**Activity:** From the line with "英國倫敦西敏寺橋。英國近期也" to the line with "चुनाव की तैयारी", output every line below exactly, both ends included. Skip the pictures.

[Data items]
◆ ◆ ◆
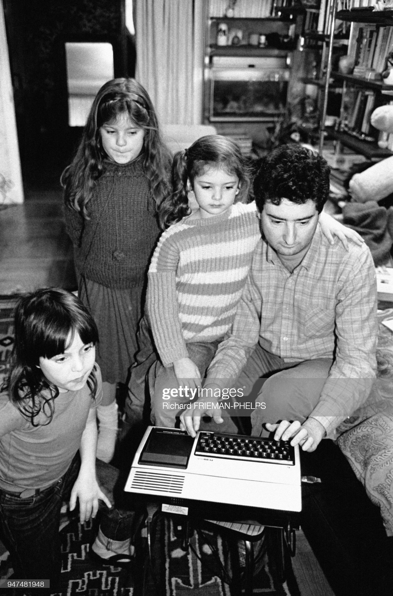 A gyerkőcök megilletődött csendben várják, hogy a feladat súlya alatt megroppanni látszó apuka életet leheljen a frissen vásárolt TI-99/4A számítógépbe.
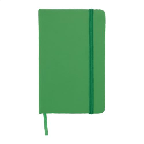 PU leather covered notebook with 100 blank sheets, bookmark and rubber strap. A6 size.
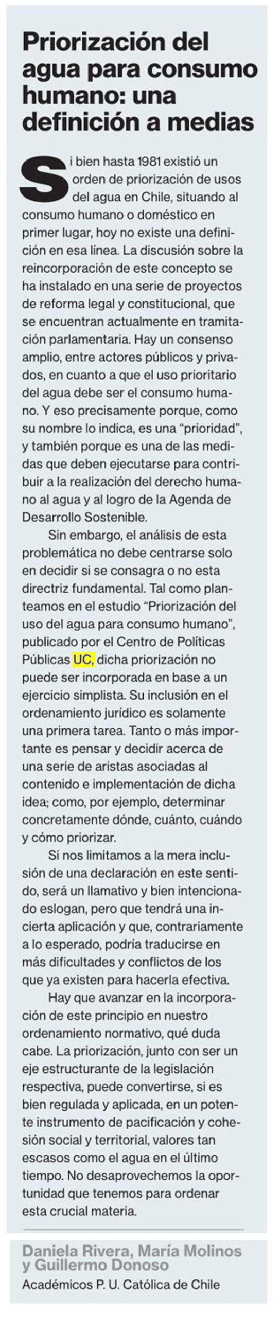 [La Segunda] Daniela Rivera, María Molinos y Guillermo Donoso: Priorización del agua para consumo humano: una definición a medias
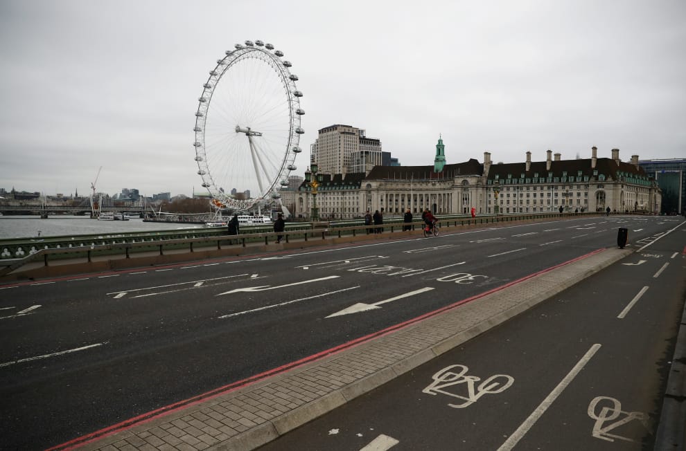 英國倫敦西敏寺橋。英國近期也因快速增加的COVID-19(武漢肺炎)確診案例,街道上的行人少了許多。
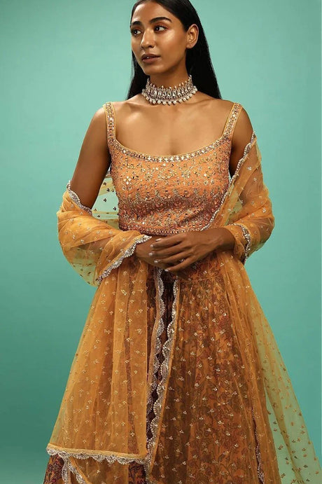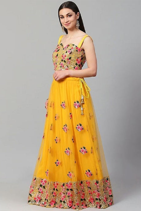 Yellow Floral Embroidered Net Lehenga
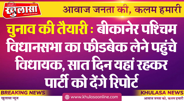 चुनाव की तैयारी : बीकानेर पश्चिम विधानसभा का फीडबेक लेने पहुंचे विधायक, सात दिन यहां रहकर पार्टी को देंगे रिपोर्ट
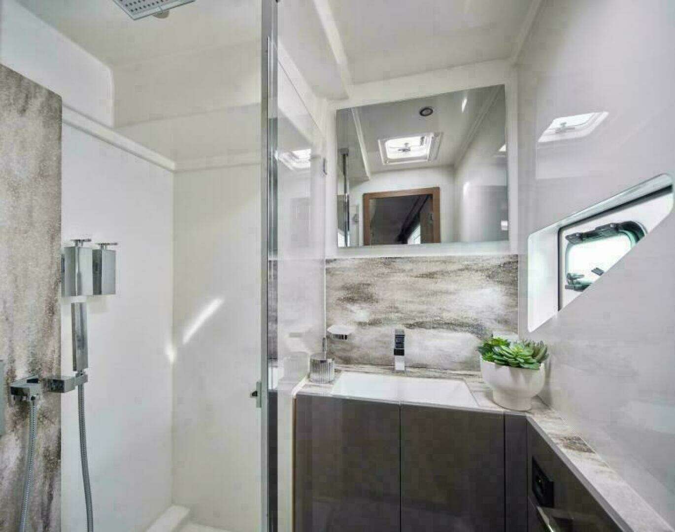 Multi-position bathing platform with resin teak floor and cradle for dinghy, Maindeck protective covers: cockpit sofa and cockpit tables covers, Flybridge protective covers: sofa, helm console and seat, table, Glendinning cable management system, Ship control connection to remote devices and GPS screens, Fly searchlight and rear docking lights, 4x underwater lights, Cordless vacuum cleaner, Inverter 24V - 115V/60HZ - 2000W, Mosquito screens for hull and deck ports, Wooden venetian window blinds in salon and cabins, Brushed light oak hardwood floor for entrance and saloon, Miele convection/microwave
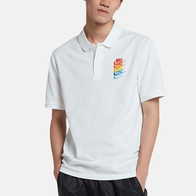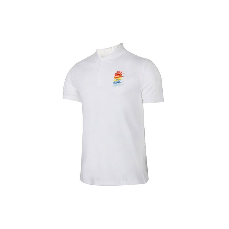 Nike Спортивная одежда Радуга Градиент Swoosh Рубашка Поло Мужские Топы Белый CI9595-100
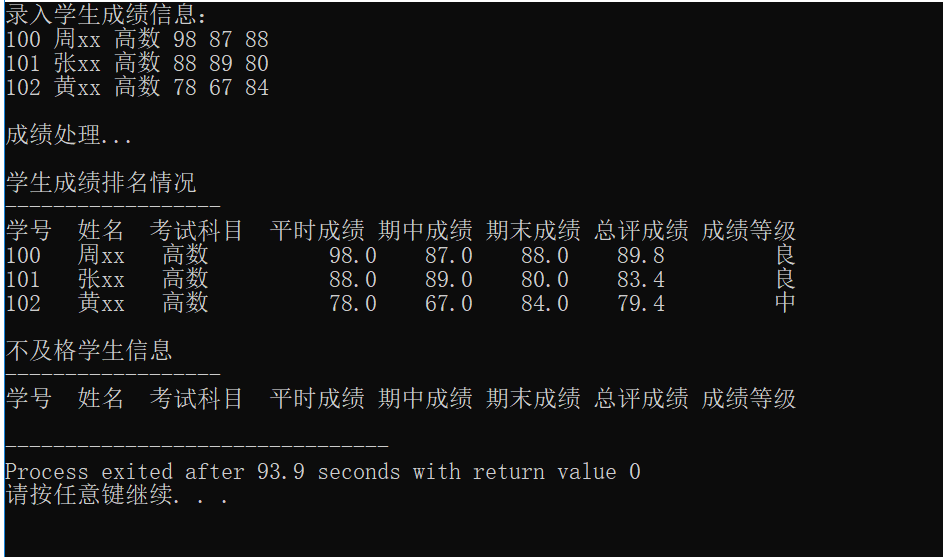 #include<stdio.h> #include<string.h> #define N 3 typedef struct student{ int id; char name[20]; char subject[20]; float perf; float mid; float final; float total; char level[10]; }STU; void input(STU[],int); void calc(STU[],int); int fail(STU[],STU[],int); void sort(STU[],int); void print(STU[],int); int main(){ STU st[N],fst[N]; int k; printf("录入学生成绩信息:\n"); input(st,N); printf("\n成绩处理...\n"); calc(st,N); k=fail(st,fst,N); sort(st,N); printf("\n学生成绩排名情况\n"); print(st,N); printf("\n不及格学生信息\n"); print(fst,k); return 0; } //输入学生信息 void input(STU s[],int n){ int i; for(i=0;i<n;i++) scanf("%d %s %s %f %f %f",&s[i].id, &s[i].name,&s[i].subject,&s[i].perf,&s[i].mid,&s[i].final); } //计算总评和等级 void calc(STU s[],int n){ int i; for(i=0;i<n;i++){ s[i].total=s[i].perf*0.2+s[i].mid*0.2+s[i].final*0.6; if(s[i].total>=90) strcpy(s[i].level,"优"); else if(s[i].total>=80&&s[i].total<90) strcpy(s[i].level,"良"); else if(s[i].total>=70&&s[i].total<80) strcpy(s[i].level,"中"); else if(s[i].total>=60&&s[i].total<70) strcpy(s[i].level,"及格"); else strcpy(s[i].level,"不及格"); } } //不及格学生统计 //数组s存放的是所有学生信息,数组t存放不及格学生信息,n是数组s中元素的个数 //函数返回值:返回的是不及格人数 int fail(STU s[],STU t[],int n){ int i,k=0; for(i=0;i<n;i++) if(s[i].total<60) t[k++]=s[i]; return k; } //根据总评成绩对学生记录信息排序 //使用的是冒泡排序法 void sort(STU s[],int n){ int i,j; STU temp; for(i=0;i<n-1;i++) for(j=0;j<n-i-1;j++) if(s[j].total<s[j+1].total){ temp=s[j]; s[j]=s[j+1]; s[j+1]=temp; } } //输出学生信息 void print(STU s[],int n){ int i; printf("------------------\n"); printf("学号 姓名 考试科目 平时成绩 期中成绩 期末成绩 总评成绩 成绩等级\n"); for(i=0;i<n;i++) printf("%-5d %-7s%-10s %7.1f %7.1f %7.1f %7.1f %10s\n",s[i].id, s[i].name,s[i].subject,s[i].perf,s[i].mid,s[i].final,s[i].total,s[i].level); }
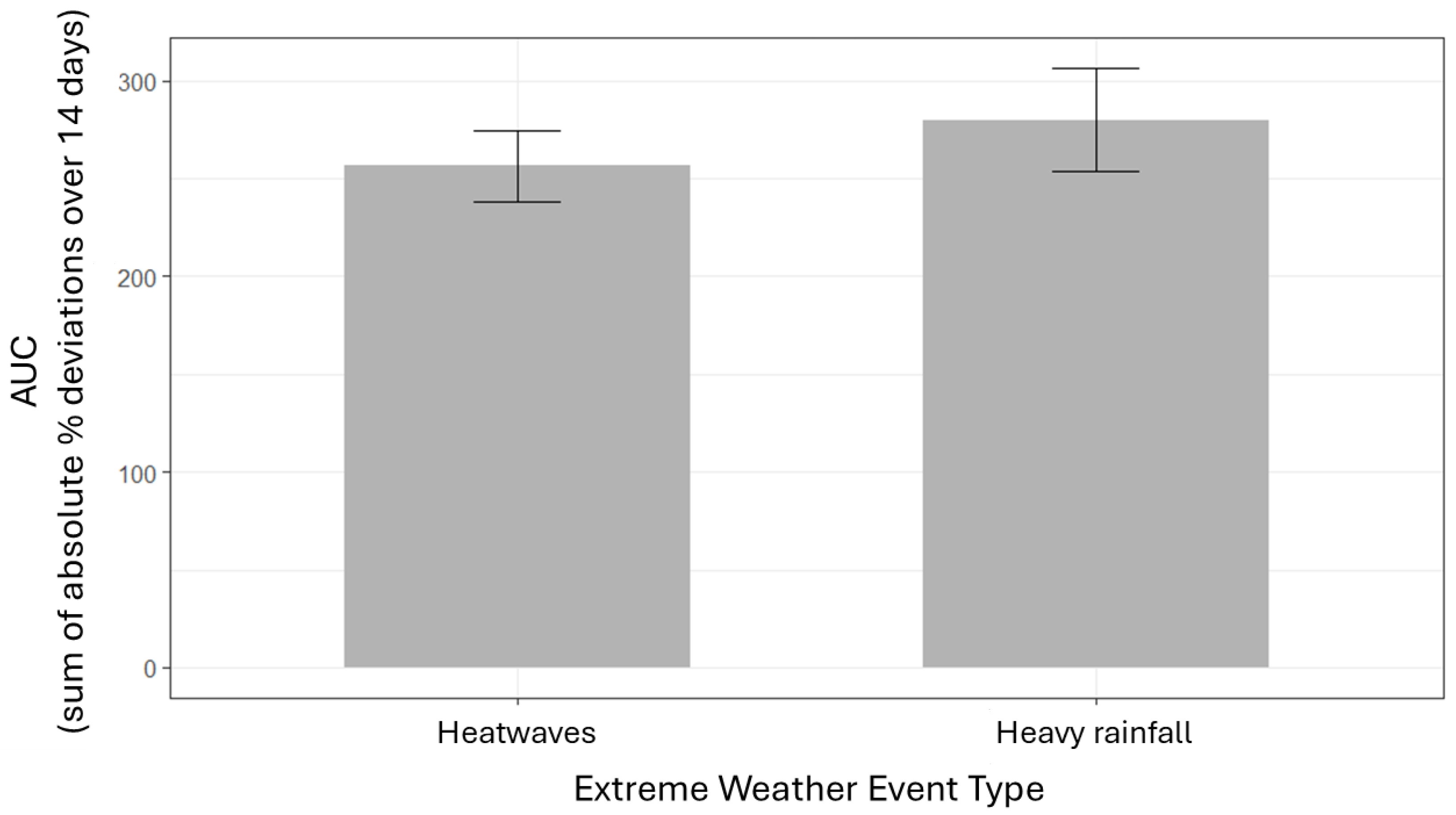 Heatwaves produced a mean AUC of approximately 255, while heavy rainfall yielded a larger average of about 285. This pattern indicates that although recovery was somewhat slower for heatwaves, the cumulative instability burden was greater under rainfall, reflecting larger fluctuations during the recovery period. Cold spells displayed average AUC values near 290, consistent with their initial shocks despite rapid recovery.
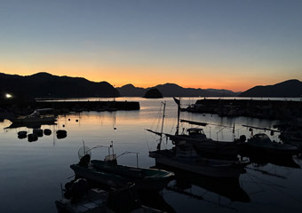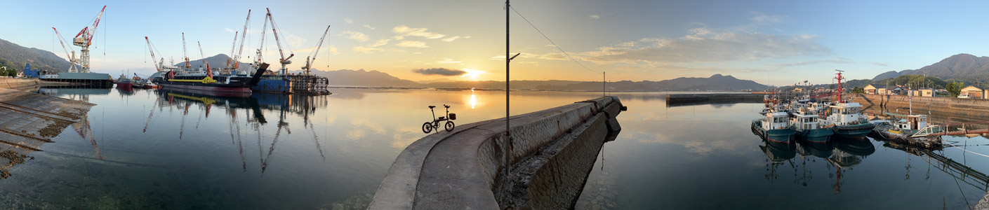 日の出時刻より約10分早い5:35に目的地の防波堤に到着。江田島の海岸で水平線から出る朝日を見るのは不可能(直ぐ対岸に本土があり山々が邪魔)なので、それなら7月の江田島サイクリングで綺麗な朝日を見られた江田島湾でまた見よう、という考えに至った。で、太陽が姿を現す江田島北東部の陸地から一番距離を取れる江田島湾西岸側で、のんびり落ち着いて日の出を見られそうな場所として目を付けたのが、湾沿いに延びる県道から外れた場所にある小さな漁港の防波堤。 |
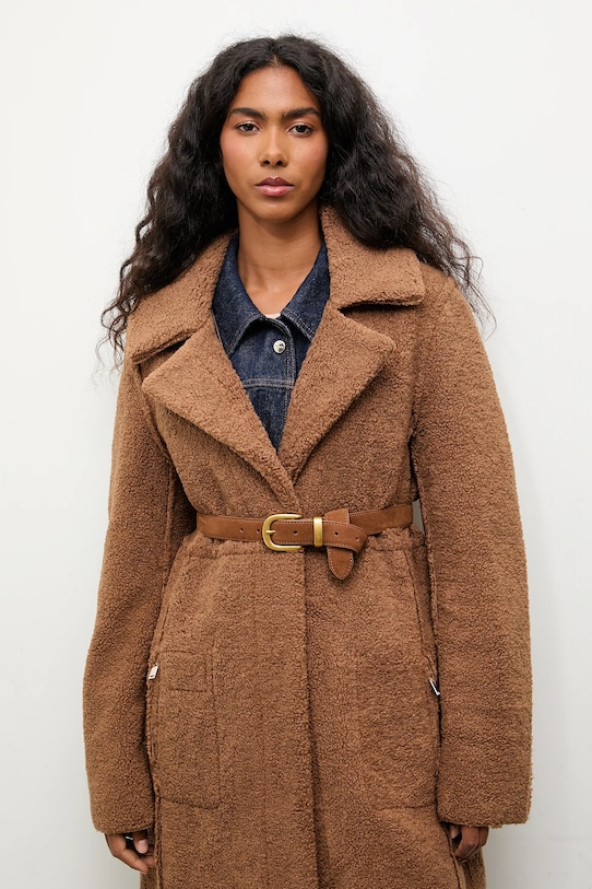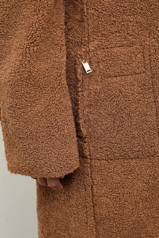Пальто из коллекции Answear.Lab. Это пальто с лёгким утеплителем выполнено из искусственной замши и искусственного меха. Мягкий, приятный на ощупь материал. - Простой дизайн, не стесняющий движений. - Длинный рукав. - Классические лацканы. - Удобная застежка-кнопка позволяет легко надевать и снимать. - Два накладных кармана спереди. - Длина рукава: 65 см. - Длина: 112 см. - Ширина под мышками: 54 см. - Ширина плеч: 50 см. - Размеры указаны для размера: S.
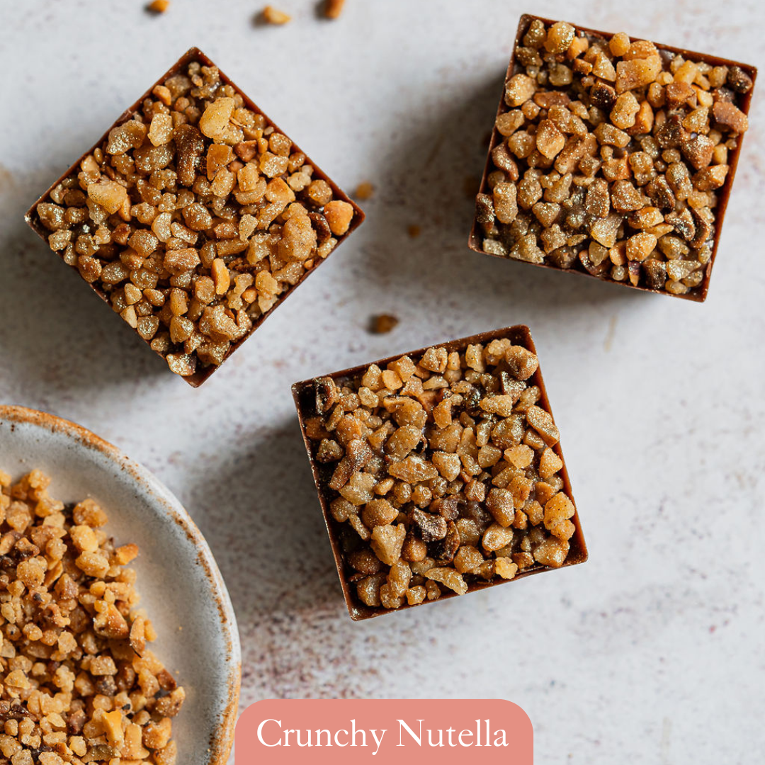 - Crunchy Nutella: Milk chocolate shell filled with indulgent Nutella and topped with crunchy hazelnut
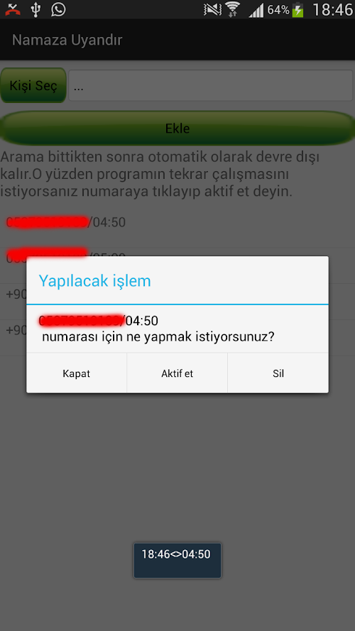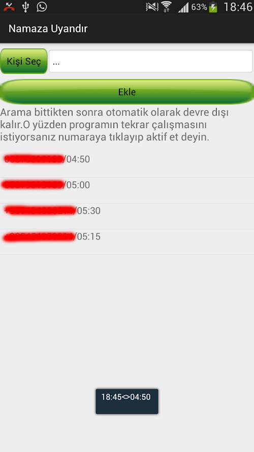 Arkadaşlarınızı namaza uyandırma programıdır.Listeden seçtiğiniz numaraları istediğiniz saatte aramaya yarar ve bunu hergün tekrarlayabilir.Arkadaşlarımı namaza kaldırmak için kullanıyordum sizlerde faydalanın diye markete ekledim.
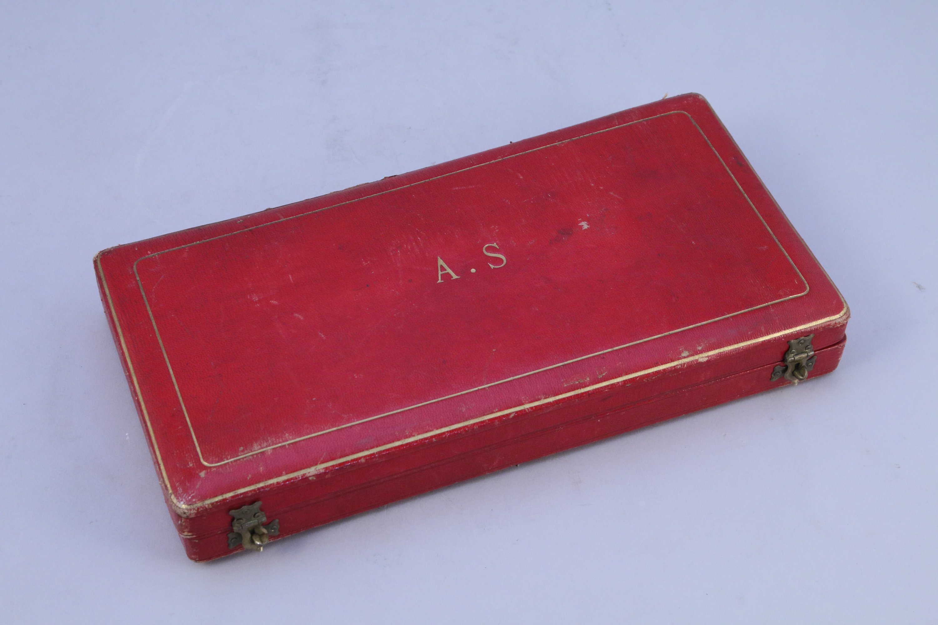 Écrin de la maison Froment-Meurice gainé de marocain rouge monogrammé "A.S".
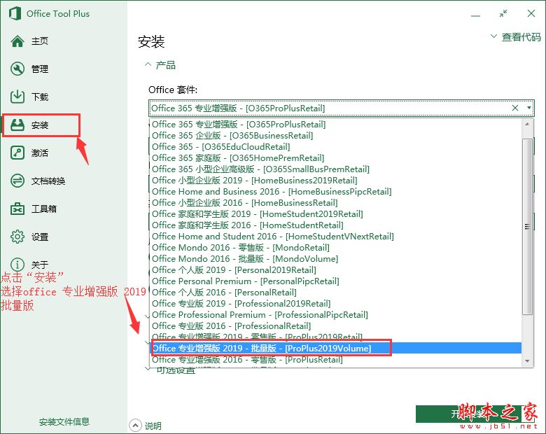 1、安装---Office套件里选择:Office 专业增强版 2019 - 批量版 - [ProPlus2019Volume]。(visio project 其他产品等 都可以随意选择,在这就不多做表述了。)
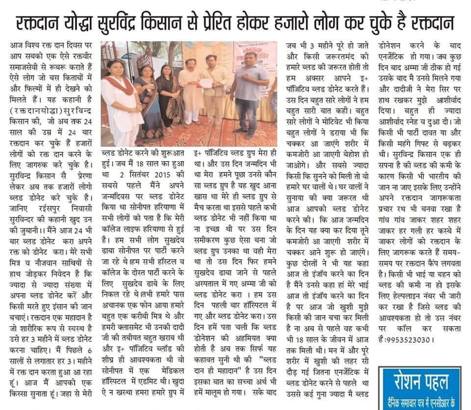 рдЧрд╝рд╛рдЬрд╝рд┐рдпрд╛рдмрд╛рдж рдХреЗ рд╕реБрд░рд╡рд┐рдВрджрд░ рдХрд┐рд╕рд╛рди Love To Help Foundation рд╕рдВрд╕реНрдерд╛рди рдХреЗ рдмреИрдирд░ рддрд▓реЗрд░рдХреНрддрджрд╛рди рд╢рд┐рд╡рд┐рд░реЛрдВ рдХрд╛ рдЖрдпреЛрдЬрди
◆ ◆ ◆
**Solution for this problem:**
 英國倫敦西敏寺橋。英國近期也因快速增加的COVID-19(武漢肺炎)確診案例,街道上的行人少了許多。
 Yellow Floral Embroidered Net Lehenga
 चुनाव की तैयारी : बीकानेर पश्चिम विधानसभा का फीडबेक लेने पहुंचे विधायक, सात दिन यहां रहकर पार्टी को देंगे रिपोर्ट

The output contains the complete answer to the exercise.